Miguel doesn't trust them on anything. Blake can read his mind, shrugs. A “fair point” kind of shrug. The weapon in the horseman's hand twitches.

“So why did you pretend you were helping the planet? Humans? All the biomech, saving us. Why make us think we were going to survive?”

“Because the easiest way to go about our business unsuspected was to make it look that way. And because we had things we needed to test.”

“Like the horses.”

“Not only them, but we needed to see how they moved, behaved, yes. Animals are more difficult than people, more unpredictable. Our first experiments with them were dismal failures, but we wanted them. They're one of the best parts of the story, any story. Not to mention that they are known, identifiable, effective. When people see them, see what they do, they will know what's happening. Powerless to stop it, of course, but they'll know.”

“War, famine, pestilence, death. All the things you need to bring about the end of the world.”

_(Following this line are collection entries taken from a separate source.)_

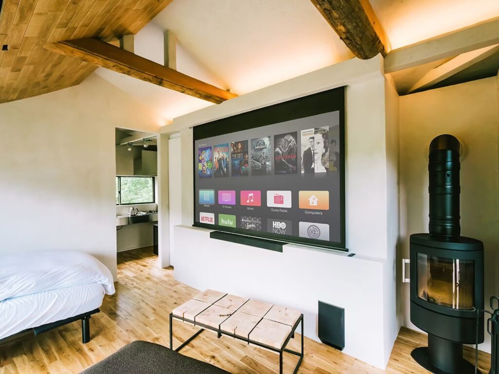 THEATER1は都心から90分でアクセスすることができる「泊まれる映画館」。施設では贅沢な食事を味わうことができる他、100インチのモニターから映し出されるシアタールームは圧巻です!浅瀬屋根を見上げながらの贅沢なプライベート空間を楽しむことができます。敷地面積の90%が森林に覆われている中で楽しむバーベキューは、本格的なアウトドアを楽しめます◎
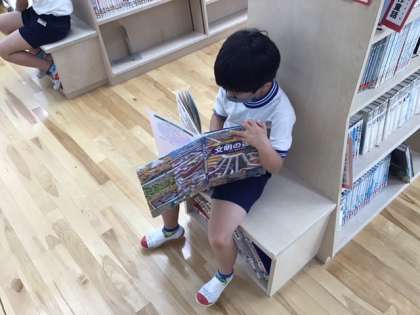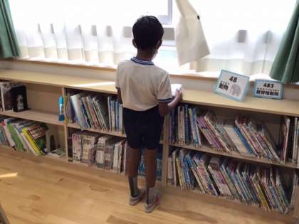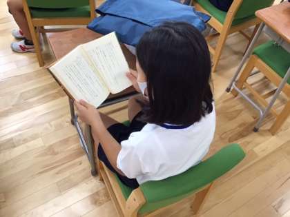 図書の時間です。本を手に取ったときの感触は、とても気持ちがいいですね。
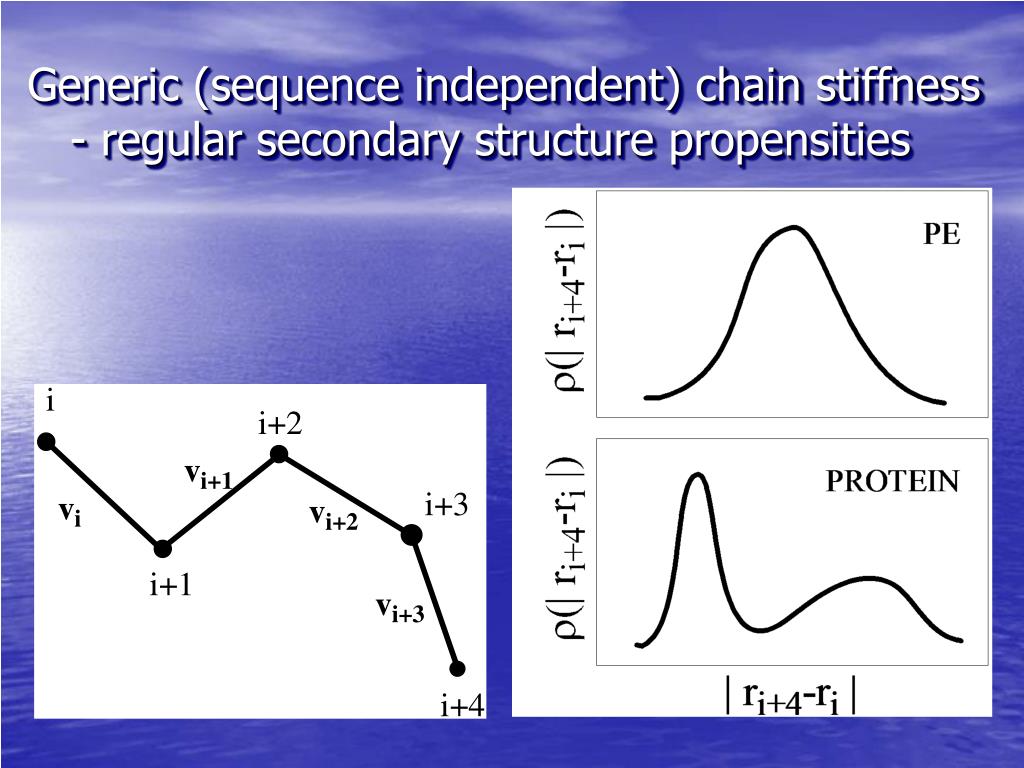 Generic (sequence independent) chain stiffness 1 B1 = f×eg for: (vi-1 • vi+3)<0 B2 = -f×eg-g×eg for: | ri+4 –ri |< 7.0 Å and “right handed” twist or: | ri+4 –ri |>11.0 Å and b-type geometry

“Yes,” agrees Blake, “and this is the most important thing: all things that humanity
does to itself.
What we can do to you is nothing, and I do mean nothing, compared with what you have
always done to one another. But it is time for all that to end.”

“Any more questions?” asks the dark horseman. “I have a duty to perform, and then I must join my fellows.”

So many more. But he knows he's not going to get the chance to ask them all.

Unless . . .

He won't take their side, either of them, but for now he wants them alive, and they have—albeit indirectly—spent years teaching him to defeat monsters. With four people to help him. Years teaching him to defend himself with weapons that just appear in his hands.

Years showing him heaven and hell and the world they have set out to destroy. They're not very creative, but maybe that's a good thing here.

The horseman advances on Blake and Lucius. It's saying something too softly for Miguel to hear, though he's sure Leah can. He can speak with silence, he hopes.